I've got two FSA MegaExo cranks and was concerned because I've read their BBs don't last (but I've not had any trouble with them so far).
So I bought a 6800 BB and was disappointed that the FSA spindle won't fit because it is .001" bigger than the ID of the bearings. 
I will polish that .001 off and use the Shimano BBs.


----------



## wgscott (Jul 14, 2013)

Let me know if it works (or doesn't). Elsewhere, I've since read that in general it won't work with their carbon cranks, but will with their cheaper aluminum cranks (of which the Omega seems to be one).

Also, has anyone actually seen a 46/30T FSA Omega crank for sale anywhere?


----------



## Randy99CL (Mar 27, 2013)

I worked as a machinist much of my life and won't have any trouble taking that .001" off. I could even chuck them in a lathe at my brother's shop but that won't be necessary.
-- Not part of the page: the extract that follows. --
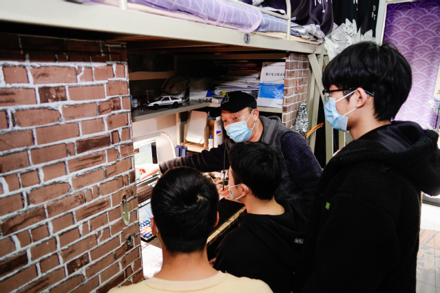 近日,学校因疫情防控原因实施了校园准封闭管理,线下授课也改为线上教学。电气学院的辅导员老师岳宁在走访寝室中了解到,有同学对《机械工程基础》这门课的部分知识点掌握得不够透彻,他随即与任课教师卞一明取得了联系,作为学校疫情防控工作专班成员的卞老师正好在校,便决定利用工作之余的晚上时间专门去一趟学生宿舍,在线下跟同学们做进一步的交流讲解。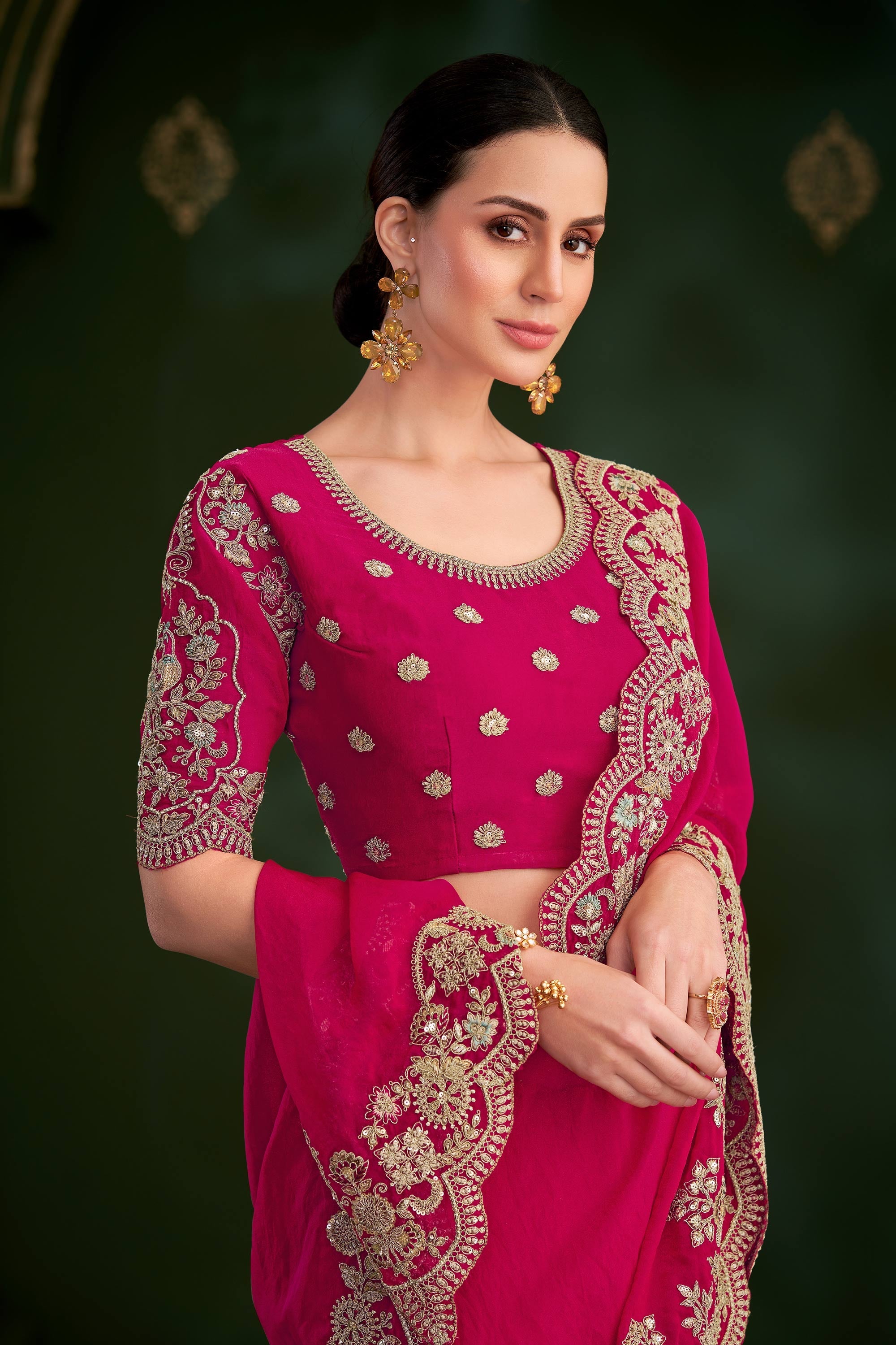 Celebrate style and tradition with this Reach Color Embroidered Border Work Saree, tailored for function wear and special gatherings. Designed with premium craftsmanship, the detailed embroidery on the borders brings out a rich and classy appeal. The matching designer blouse adds modern sophistication to its ethnic charm. With a lightweight design, it offers comfort without compromising on style. Perfect for festivities, this saree lets you stand out in every setting with grace and poise. Add this timeless piece to your wardrobe for a stunning blend of beauty and practicality.

I bought both the Gossamer and Energy cranks cheap as close-outs from Nashbar a couple of years ago. They don't have them anymore.
I just googled it and didn't find any of the 46/30s but some places that sell the Omega set. You may have to check a lot of sites to find one and I'd email FSA and ask them. The 50/34 on Amazon is only $75.


----------



## wgscott (Jul 14, 2013)

Randy99CL said:


> The 50/34 on Amazon is only $75.


My wife has this on her bike, so I guess I could try that to see if it worked.


----------



## Cerveloboy (Mar 8, 2007)

wgscott said:


> *Praxis Works Alba Crankset* 48/32T, BB30 only (?), $175
> 
> https://www.praxiscycles.com/product/alba-m30/
> 
> ...


I know this an old post but I wondered if you settled on something. I too would love a 30 with my 32 for the steep climbs. What did the OP end up getting?


----------



## MMsRepBike (Apr 1, 2014)

https://www.praxiscycles.com/product/m30-english-threaded/

Alba crank on a BSA english threaded bike with this bottom bracket.


----------